PRESIDENT Barack Obama and Mitt Romney, the Republican candidate for the White House (above), responded last week to a request from Christian leaders to state how they will tackle poverty in the United States.

The Circle of Protection, an umbrella organisation composed of more than 65 leaders from churches and charities, asked the presidential candidates to provide statements on video stating what they proposed to do "to provide help and op­portunity for hungry and poor people in the United States and around the world".

The videos were posted on YouTube on Wednesday of last week. President Obama, in his video, referred more explicitly to his religious faith than Mr Romney did. President Obama said: "My faith teaches me that poverty is a moral issue. The Bible calls on us to be our brother's keeper, and our sister's keeper, and I believe that as a public servant I must do my part to answer that call."

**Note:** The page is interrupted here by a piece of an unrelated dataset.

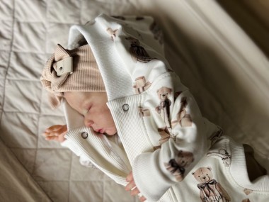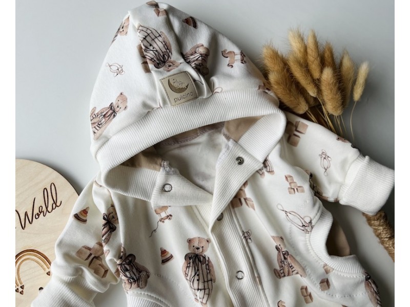 Our bestseller shop - romper made of soft sweatshirt knitwear, in the highest class of materials, which grows together with the baby. Specially designed welts at the legs and sleeves can be freely rolled up and unwinded by adding length to the clothes. The spacious hood has been sewn from two layers of material, which additionally protects the head against heat loss, it will also easily accommodate any hat when you are preparing for a walk. The jumpsuit is designed in the oversize style, its loose cut gives the baby comfort and does not restrict his movements. You can put it directly on the body or as a second layer of clothing. Fastened with nickel-free snaps, it does not hurt and does not irritate the baby's skin. Very easy to put on, which every parent will appreciate. Round pockets finished with a welt add charm to the clothes.

He said that his Office of Faith-based and Neighbourhood Partner­ships had expanded its work "to help those in need", and that, last year, "in the midst of a heated budget debate in Washington, I promised to protect vital assistance for the least of these."

Mr Romney, in his video, said: "If we're going to lift our brothers and sisters out of poverty, we must restore our economy and reduce the debt. When our economy is healthy and growing, we have the resources to take care of those who still find themselves in need."

In a message to supporters, on Thursday of last week, the Revd Jim Wallis, the president of the Christian ministry organisation Sojourners, said: "There is a growing consensus that poverty is a Christian issue. . . There are a lot of issues Christians should care about and a lot of differ­ent thoughts on the best ways to express that, but when casting a ballot every Christian should have 'the least of these' on their minds."

Last month, President Obama and Mr Romney spoke about religion, in an interview with the Washington National Cath­ed­ral magazine Cathed­ral Age ( News, 31 August).

On Monday, a video was posted on the Mother Jones website of Mr Romney telling Republican donors that it was not his job was "to worry" about the "47 per cent of Americans [who] pay no income tax".

Speaking at a press conference on Monday, Mr Romney said that his remarks were "not elegantly stated", and that he had been "speaking off the cuff". But he reiterated that his campaign was not focused on people who don't pay taxes, "because frankly my discussion about lowering taxes isn't as attractive to them".